Vale ressaltar que este conceito só é expresso explicitamente uma vez na Bíblia em Apocalipse 12:7-9. Esta passagem descreve uma guerra no céu entre Miguel e seus anjos e o dragão (frequentemente identificado com Satanás) e seus anjos. O dragão e seus anjos são derrotados e lançados à terra. Esta passagem não está situada em uma linha cronológica da história cósmica, com alguns intérpretes localizando-a em eventos futuros, pretéritos (durante o ministério terreno de Jesus) ou antes da criação do mundo.

Outra menção possível é 2 Pedro 2:4 que menciona anjos que pecaram e foram lançados no inferno, o que alguns interpretam como uma referência à Guerra no Céu e ao subsequente castigo dos anjos rebeldes.

Com paralelos mesopotâmicos, semíticos, zoroastrianos e gregos — tal como os conceitos de chaoskampf, teomaquia e titanomaquia — a Guerra no Céu integrava o imaginário do período do Segundo Templo.
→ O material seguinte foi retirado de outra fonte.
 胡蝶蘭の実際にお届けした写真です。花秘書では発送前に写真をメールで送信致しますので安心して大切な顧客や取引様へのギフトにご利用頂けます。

O Livro de Enoque (c. 220 a.C.) particularmente o Livro dos Vigilantes, detalha a descida dos anjos à terra e sua interação com a humanidade. Apresenta a figura de Azazel, associada ao ensino de conhecimentos proibidos e à corrupção da humanidade. Aparece nos Manuscritos do Mar Morto: a Guerra dos Filhos da Luz Contra os Filhos das Trevas (também conhecido como Rolo de Guerra; 1QM e 4Q491–497), Cântico 5 dos Cânticos do Sacrifício do Sábado (4Q402) e o Documento de Melquisedeque (11Q13). Outros textos, como A Vida de Adão e Eva e o Encômio Copta sobre Miguel, elaboram ainda mais o papel dos anjos e sua rebelião contra Deus, contribuindo para o desenvolvimento da escatologia cristã.

Os primeiros teólogos patrísticos como Orígenes, Tertuliano e Afraates tinham interpretações de passagens bíblicas em termos de uma Guerra no Céu. Discutiram a natureza dos anjos, as consequências da sua rebelião e as implicações para a salvação humana, moldando o discurso teológico sobre o assunto.

Obras como A Divina Comédia de Dante e Paraíso Perdido de Milton expandiram o imaginário ocidental cristão acerca da Guerra no Céu, incorporando temas teológicos em narrativas épicas.